(Fragmento de una conferencia leída
en el Ateneo de Madrid, el año 1921 ).
Aparte de la significación gramatical del lenguaje,
hay otra, una significación mágica, que es la única que nos interesa. Uno es el
lenguaje objetivo que sirve para nombrar las cosas del mundo sin sacarlas fuera de su
calidad de inventario; el otro rompe esa norma convencional y en él las palabras pierden
su representación estricta para adquirir otra más profunda y como rodeada de un aura
luminosa que debe elevar al lector del plano habitual y envolverlo en una atmósfera
encantada.
En todas las cosas hay una palabra interna, una palabra latente y que está
debajo de la palabra que las designa. Esa es la palabra que debe descubrir el poeta.
La poesía es el vocablo virgen de todo prejuicio; el verbo creado y creador,
la palabra recién nacida. Ella se desarrolla en el alba primera del mundo. Su precisión
no consiste en denominar las cosas, sino en no alejarse del alba.

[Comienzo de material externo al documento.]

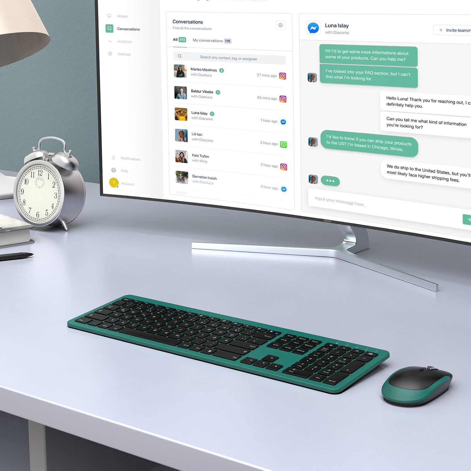 seenda SK38-3 Wireless Keyboard Mouse Set, Ultra Thin Rechargeable Wireless Keyboard Mouse Set, Ergonomic Keyboard Wireless with Silicone Dust Cover for PC/Laptop/TV, DE QWERTZ Layout, Black & Green

Su vocabulario es infinito porque ella no cree en la certeza de todas sus
posibles combinaciones. Y su rol es convertir las probabilidades en certeza. Su valor
está marcado por la distancia que va de lo que vemos a lo que imaginamos. Para ella no
hay pasado ni futuro.
El poeta crea fuera del mundo que existe el que debiera existir. Yo tengo
derecho a querer ver una flor que anda o un rebaño de ovejas atravesando el arco iris, y
el que quiera negarme este derecho o limitar el campo de mis visiones debe ser considerado
un simple inepto.
El poeta hace cambiar de vida a las cosas de la Naturaleza, saca con su red
todo aquello que se mueve en el caos de lo innombrado, tiende hilos eléctricos entre las
palabras y alumbra de repente rincones desconocidos, y todo ese mundo estalla en fantasmas
inesperados.
El valor del lenguaje de la poesía está en razón directa de su alejamiento
del lenguaje que se habla. Esto es lo que el vulgo no puede comprender porque no quiere
aceptar que el poeta trate de expresar sólo lo inexpresable. Lo otro queda para los
vecinos de la ciudad. El lector corriente no se da cuenta de que el mundo rebasa fuera del
valor de las palabras, que queda siempre un más allá de la vista humana, un campo
inmenso lejos de las fórmulas del tráfico diario.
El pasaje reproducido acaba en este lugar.